Обычно украинские артиллеристы стреляют в ответ на пальбу из города и пригородов. Артиллеристов ДНР таким огнем накрывает редко, потому что они меняют позиции, зато снаряды попадают в дома, бензозаправки, школы, больницы и огороды. Куда придется, туда и попадают.
Есть и постоянные цели — здание бывшего СБУ на улице Розы Люксембург, несколько расположенных в городе заводов.
В пригородах — особенно примыкающих к аэропорту — серьезные разрушения. Жителей там почти не осталось. Большинство ушли ближе к центру Донецка или уехали. Оставшиеся либо погибли, либо прячутся по подвалам и бомбоубежищам. Например, по поселку Октябрьский стреляют уже не в ответ на пальбу артиллеристов ДНР, а просто потому что через него могут перебрасываться подразделения ополченцев к аэропорту.
Такая же ситуация в Петровском — самом западном и близком к позициям украинской армии, — Киевском, Куйбышевском районах.
Зато по кварталам, где расположены здания, принадлежащие некогда «главному человеку Донбасса» — Ринату Ахметову, не стреляют вообще. Как и, что удивительно, по торчащей в самом центре города высотке областной государственной администрации (ОГА). Ни одного попадания, ни одного даже близкого разрыва.

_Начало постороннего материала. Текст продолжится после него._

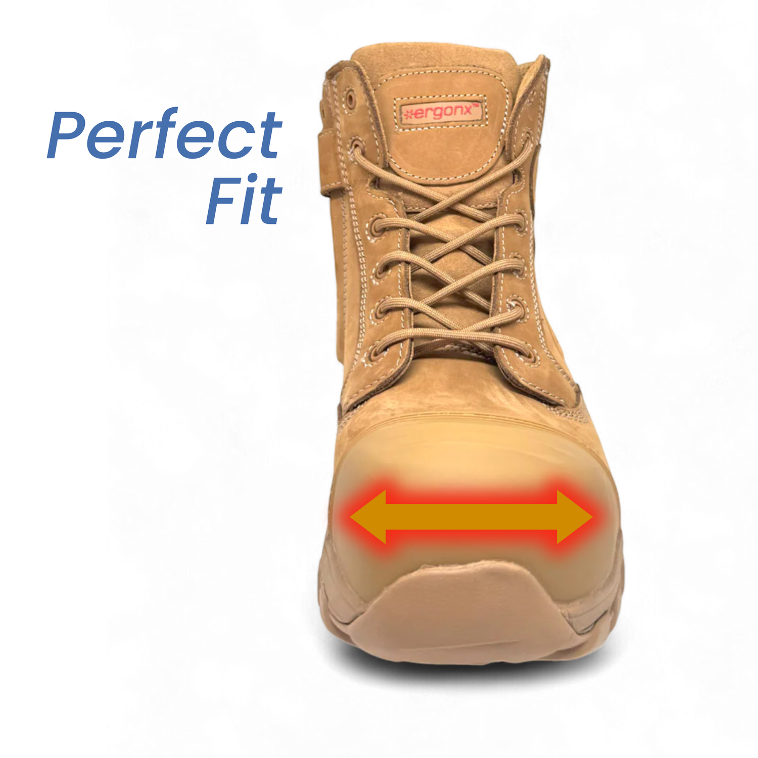 Our boots are made in a 2e fitting standard fitting but with a roomy toe area. Just like when you are fitting your shoes, the width of a work boot is very important to accommodate the toe and have the right forefoot support to prevent foot pain.

— Чего сюда-то не стреляют? — спрашиваю у одного из ополченцев, охраняющих вход в ОГА.
— Да сами удивляемся. Может, как-то сговорились между собой, а мы не в курсах. Они могут, — кивает на вход в ОГА ополченец.
Слухи, что Ахметов договорился с руководством ДНР и ЛНР и с украинской армией, чтобы и те и другие не разрушали его дома, подстанции, заводы и прочую недвижимость — общее место в разговоре об обстрелах с любым горожанином, любым ополченцем и любым чиновником новой власти. Да, договорился. Но свечку не держали, подробностей не знаем.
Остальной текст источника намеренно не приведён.